Estas conductas siguen encontrando en la denuncia pública la única posibilidad para exhibir a sus acosadores y someterlos al escrutinio social como la última alternativa que las víctimas encuentran para frenar los abusos, que no están siendo frenados por las vías institucionales.
Y es que, ¿qué les queda a las víctimas, cuando en sus propias instituciones –con todo y protocolos contra el acoso y el hostigamiento sexual existentes– se les sigue revictimizando, exigiendo probar las comportamientos inapropiados que han padecido, presentar testigos para confiar en sus dichos o premiando a sus agresores con un manto de impunidad que los empodera para seguir actuando en esa forma tan abusiva?

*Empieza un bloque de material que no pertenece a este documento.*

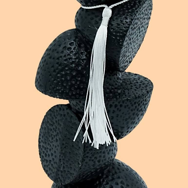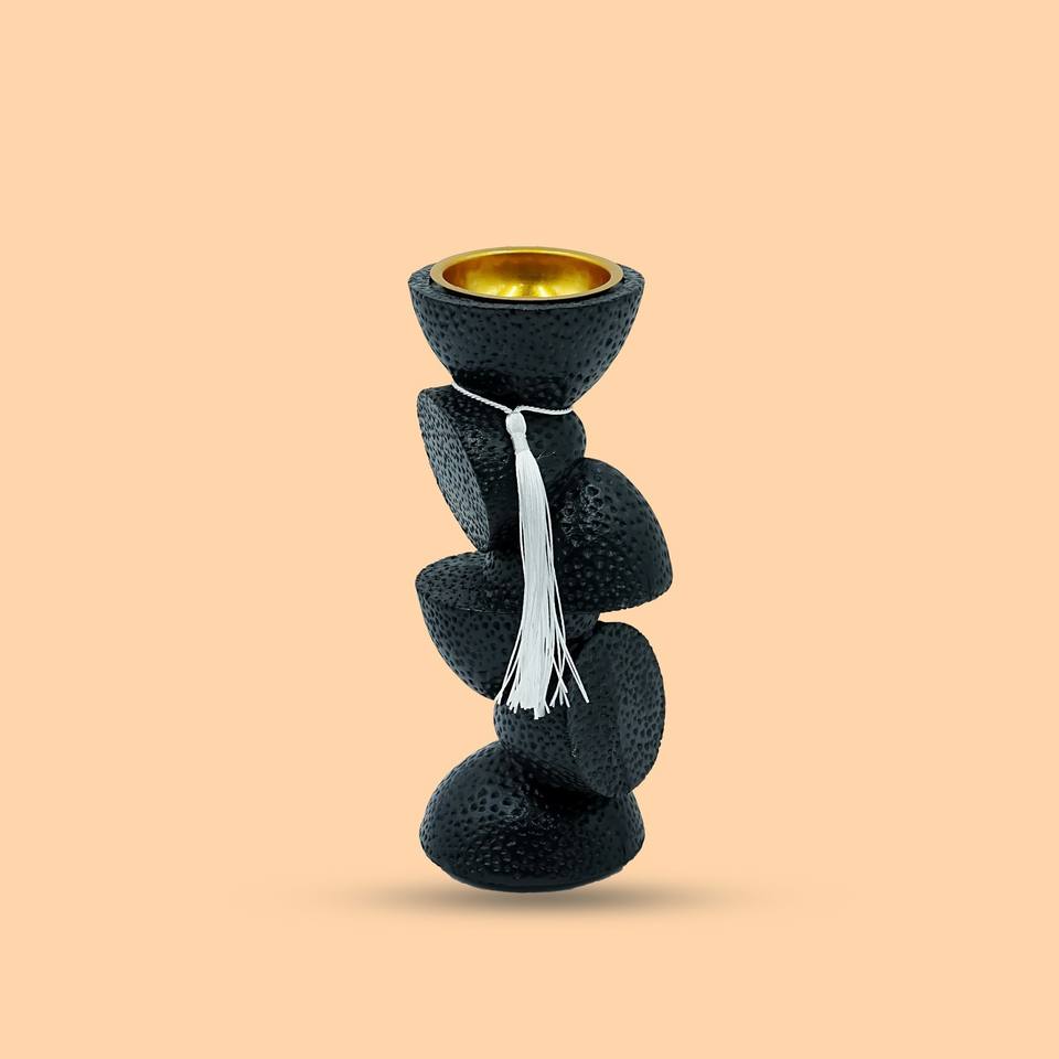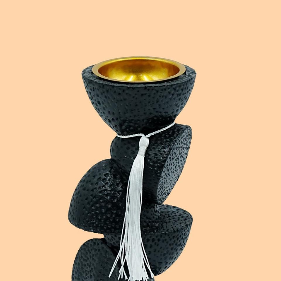 เชิงเทียนหินอ่อนสีดำแบบซ้อนกันพร้อมถ้วยโลหะสีทองและพู่สีขาวสไตล์เซน ของตกแต่งบ้าน
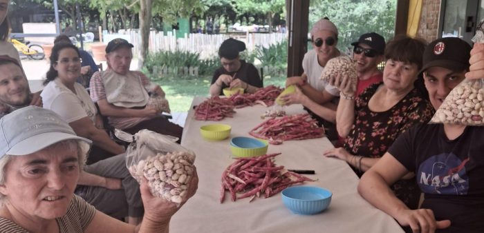 Oggi con gli amici del centro diurno Il Tiglio "sgrànemo i fasòi"

Así es como vemos que siguen proliferando las denuncias en redes, que se complementan con los señalamientos explícitos en los “tendederos” que muestran los nombres y los rostros de los agresores, cuyas fechorías son bien sabidas y hasta consentidas; o bien, grafiteadas las acusaciones en algunos de los muros públicos que consignan dolorosamente violaciones y otras vejaciones.
Es verdaderamente terrible constatar cómo las instituciones todas – tanto públicas como privadas, sean nacionales o estatales – están cometiendo un error básico: lo que les interesa no es resolver estos hechos o evitar que sigan sucediendo, sino que lo que intentan es evitar que se hagan públicos para no dañar su reputación, buscando acallar los señalamientos y en su lugar proponer salidas fáciles que en poco o nada contribuyen a combatir un problema que, en buena medida, han propiciado.
Esto sucede principalmente en las instituciones escolares, que es donde las jóvenes se han armado de un valor colosal que las lleva a enfrentar a sus agresores y a desafiar a las autoridades; cosa que no sucede en los ámbitos laborales y no porque estén exentos de que estas prácticas sucedan, sino porque para las mujeres trabajadoras, el riesgo de perder su empleo por denunciar a sus jefes las lleva a callar.
Muchas son las instituciones que hoy se regodean de contar con protocolos contra el acoso y el hostigamiento sexual y laboral. Pero estos instrumentos por sí mismos no hacen magia si no se socializan entre quienes conforman las instituciones y si no hay un esquema de sanciones ejemplar que inhiba a quienes siguen incurriendo en estos delitos, amparados por la protección que el poder les brinda.
Las instituciones están haciendo las cosas mal. Y lo peor del caso es que el problema puede llegar a alcanzar proporciones incalculables y de ello serán las únicas responsables.